Kendisinin de yoksulluk çektiğini ifade eden Oğuz, "Açlık gördüm. Olmadık yerlerde yatıp, kalktım. O yüzden yoksulun halini bilirim. Gönlüm haftanın her günü bu insanlara yemek vermek ister. Ama şimdilik Cuma günü öğlen yemeklerini veriyorum." diyor.
7 çocuk babası Şeyhmus Usta, her Cuma günü ortalama 350–400 yoksulun karnını doyuruyor. Yemek için gelen yediden yetmişe çocuk, kadın, genç ve yaşlı insanlar lokantanın önünde metrelerce uzunlukta kuyruk oluşturuyor. Çalışanlar tarafından üç çeşit yemeği sefer taslarında alan vatandaşlar cadde üzerindeki işletmenin masalarında ağırlanıyor. Yer bulamayanlar ise yerde oturarak bu görevi görüyor. Adana'nın tanınmış kebapçılarından Şeyhmus Usta'nın bu örnek davranışının ilginç bir öyküsü var. Mardin'de dar gelirli bir ailenin çocuğu olarak dünyaya gelen hayırsever kebapçı geçinmek için yapmadığı iş kalmamış. İstanbul Eminönü'da balıkçıların yanında su ve simit satıp, yerlerde yatmış; kimi zaman kar ve yağmur altında kalmış. Aç kaldığı günler olmuş. Bu güç koşullarla mücadele ederken, Adana'da bir zamanlar yayın olan seyyar tablada kebapçılığa başlayan Oğuz, 14 yıl önce Cemal Gürsel Caddesi'ndeki işyerini satın alarak, meslekte ilerler. Geçmişte yaşadığı sıkıntıları unutmayan Şeyhmus Usta, 2000 yılından buyana her hafta Cuma günü ihtiyaç sahibi vatandaşlara ücretsiz yemek dağıtıyor. Reklamı sevmeyen ve bugüne kadar gazetecilerin haber talebini çoğu kez ret eden Oğuz, bu işi Allah rızası ve Peygamber Efendimiz Hz. Muhammed'in (SAV) sevgisi için yaptığını vurguluyor. Kendisinin de bugünlere gelene kadar çok garibanlık çektiğini dile getiren Şeyhmus Usta, "Hayata tutunmak için su, simit, sakız sattım. Açlık gördüm. Olmadık yerlerde yatıp, kalktım. O yüzden yoksulun halini bilirim. Bazı şeyler yaşanmadan bilinmez. Gönlüm haftanın her günü bu insanlara yemek vermek ister. Ama şimdi Cuma günü öğlen yemeklerini veriyorum."diyor.
"VERMEKLE FAKİR OLUNMAZ"
Sıraya giren vatandaşların başından ayrılmayan ve yemek kazanlarında personelini koordine eden hayırsever kebapçı, vermekle insanın fakir olmayacağını ifade ediyor. Kendi durumundaki başka lokantacıların da haftanın diğer günlerinde bu şekilde fakirlere yemek dağıtmasını isteyen Şeyhmus Usta, "O zaman aç kalanımız olmaz. Bizim buraya sokakta kâğıt toplayan çocuklardan, dilenci kadınlara evine ekmek götüremeyen babaya kadar her türlü insan geliyor. Allah garibana yardım edene yardım ediyor. Bir verirsin on alırsın."şeklinde konuşuyor.
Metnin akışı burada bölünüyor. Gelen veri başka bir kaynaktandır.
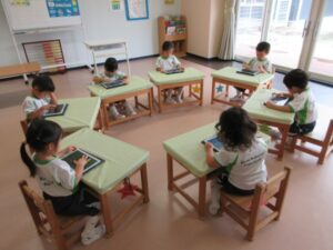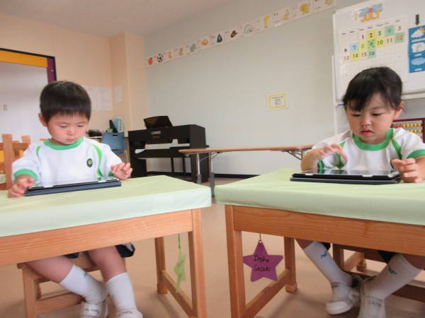 The children enjoyed choosing various types of apps, such as apps where they listen to English and choose animals or colors to increase their level, and apps where they can draw and color.
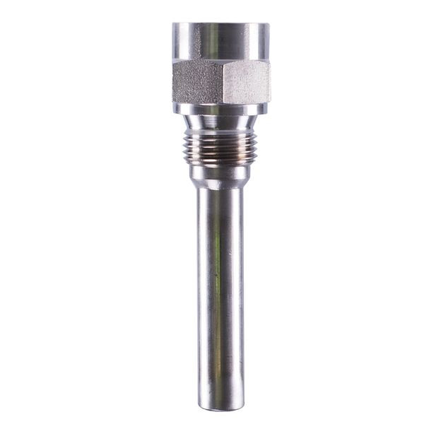 Die zylindrische Einschraub-Schutzhülse wird für den Einbau von Thermoelementen und Widerstandsthermometern verwendet, wenn beispielsweise ein Fühleraustausch ohne Systementleerung und/oder Druckbeständigkeit gefordert ist. Die Schutzhülse mit Innengewinde G 1/2 (DIN 16179 Form D) ist für Temperaturen von 0 bis 400 °C ausgelegt. Der Schutzrohr-Außendurchmesser beträgt 13 mm. Als Prozessanschluss dient eine Verschraubung G 1/2. Innendurchmesser und Einbaulänge betragen 11 x 100 mm. Die angegebenen Maße beziehen sich auf die Thermometer. Als Schutzhülsenwerkstoff kommt Edelstahl 1.4571 zum Einsatz.

Hayır için yaptığı bu işin haberle 'reklamını yapıyor' şeklinde anlaşılmasından endişe ettiğini hatırlatan Şeyhmus Usta, Canab–ı Hak'kın olmayana vermesini diliyor ve ekliyor: "Herşey boş. Yapacağımız iyiliklerin bir anlamı var. Burada karnı doyan insanların yüzü güldüğünde veya bir dua ettiğinde bende mutlu oluyorum."
Kebapçı Şeyhmus'un Cuma yemeklerinin daimi müşterilerinden biri sokakta kağıt toplayarak geçimini sağlayan 28 yaşındaki Sadık Babayiğit. Yol kenarına kağıt arabasını park eden Babayiğit, böyle bir yardımdan dolayı Oğuz'a teşekkür ediyor. Babayiğit, bu şekildeki hayırseverlerin sayısının artmasını istiyor. 5 çocuk babası 65 yaşındaki Erdoğan Şavil de verilen ücretsiz yemekten dolayı hoşnutluğunu belirtiyor.